On March 13, 2014, the United States Securities and Exchange Commission (the "SEC"), in connection with a settlement order (the "Lions Gate Order"),1 commented on a company's disclosure requirements in the context of a takeover bid. The Lions Gate Order settles administrative proceedings by the SEC against Lions Gate Entertainment Corp. ("Lions Gate") for failing to disclose material information about a three-part set of transactions that prevented an activist investor's hostile efforts to gain control of Lions Gate. Given that the failure to disclose material information in a company's continuous disclosure documents is a breach of Canadian and United States securities laws and the test for materiality2 is similar in both jurisdictions, we believe that the Lions Gate Order may be instructive to issuers governed by Canadian securities laws.

Background

Lions Gate is a British Columbia company with its principal offices in California and its shares listed on the New York Stock Exchange (the "NYSE").3 In the course of a more than one year battle for control, limited partnerships, owned or controlled by Carl Icahn, (the "Icahn Group") sought to take control of Lions Gate by way of takeover bids and a proxy fight. In July 2010, in between takeover bids by the Icahn Group, immediately following the end of an agreed upon standstill between Lions Gate and the Icahn Group, and in the face of the Icahn Group's declared intention to replace the Lions Gate's board of directors through a proxy vote at the forthcoming but unscheduled annual general meeting, Lions Gate completed a transaction (the "Financing Transaction") that had the effect of converting approximately US$100 million of its debt into equity, thereby deleveraging Lions Gate, but also diluting the Icahn Group holdings.

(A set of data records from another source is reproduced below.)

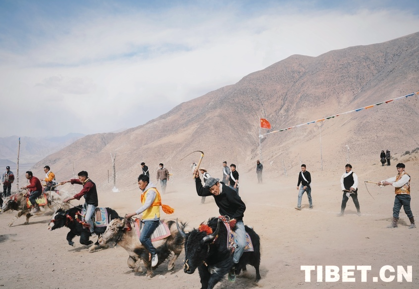 Neulich wehten im Dorf Chag der Gemeinde Zangdog im Stadtbezirk Dagzê von Lhasa bunte Fahnen, und die Menschenmenge tobte. Ein traditionelles Yak-Rennen mit starkem Volksgruppen-Charakter fand in einer lebhaften Atmosphäre statt und steigerte die festliche Stimmung des tibetischen Neujahrs weiter. An diesem Wettbewerb nahmen insgesamt mehr als 20 Yaks und über 20 Teilnehmer teil, die aus dem Dorf Chag und den umliegenden Nachbardörfern stammten. Alle waren in farbenfrohen, exquisiten und schönen tibetischen Festtagstrachten gekleidet, wirkten energiegeladen und hochmotiviert. Auch die teilnehmenden Yaks waren herausgeputzt: Ihre Hörner waren mit bunten Seidenbändern geschmückt, ihre Körper mit Schmuck behangen, und sie traten stolz und selbstbewusst auf dem Wettkampfplatz auf. Das Yak-Rennen als traditionelle tibetische Volksaktivität zeigt sowohl die Besonderheiten der Agrar- und Nomadenkultur als auch bereichert das kulturelle Leben der Bevölkerung an Feiertagen. Es veranschaulicht anschaulich die fröhliche, harmonische und aufstrebende Atmosphäre der Dörfer in der neuen Ära.
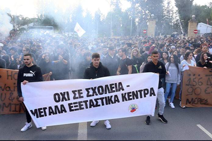 Στο Προεδρικό βρίσκονται μαθητές, καθηγητές και γονείς, που διαμαρτύρονται για τις εξετάσεις τετραμήνων, ζητώντας την άμεση αναστολή τους.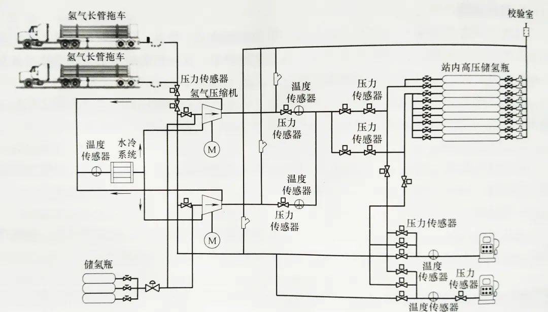 站外制氫是指氫氣在制氫廠集中制取,然后輸送到加氫站,輸送方式有高壓氫氣輸送?液氫輸送和管道輸送等?其特點是氫氣集中制取可以降低制氫成本,站外制氫(Off-site)型加氫站工藝流程如圖1-4所示。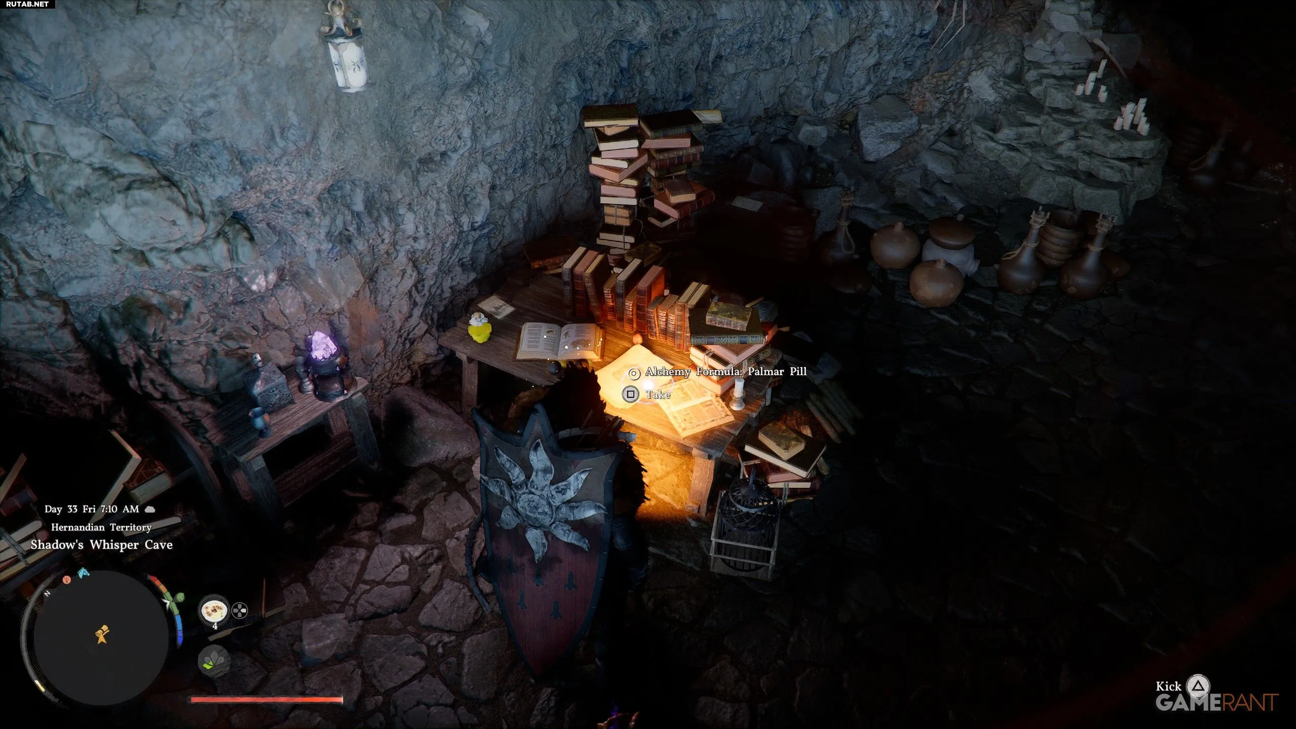 Поднимитесь вверх по течению (на север) в Трёхсвятительском водопаде. Там вы найдёте пещеру в скале слева (она отмечена на карте выше, чуть ниже буквы «D» в слове «Hernand»). Внутри этой пещеры вы обнаружите несколько Палмарских пилюль, но что ещё лучше — чертёж для их создания!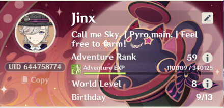 If any small/new players on the American server need help farming bosses and high level domains that you’re too weak to farm by yourself but you want the higher quality rewards they grant, feel free to friend me! My in game name is Jinx. My user ID is 661812382

At a hearing held in October 2010, the Icahn Group sought to set aside the Financing Transaction before the British Columbia Supreme Court (the "BCSC");4 however, Lions Gate successfully argued that it had not engaged in oppressive conduct as the primary purpose of the Financing Transaction was to deleverage the company, notwithstanding that a secondary purpose was to dilute the Icahn Group holdings and thereby impede a takeover by the Icahn Group.

The Financing Transaction was effected in three stages: first, by exchanging convertible notes held by a noteholder (the "Noteholder") with new notes convertible into common shares at a more favourable price; then, the Noteholder...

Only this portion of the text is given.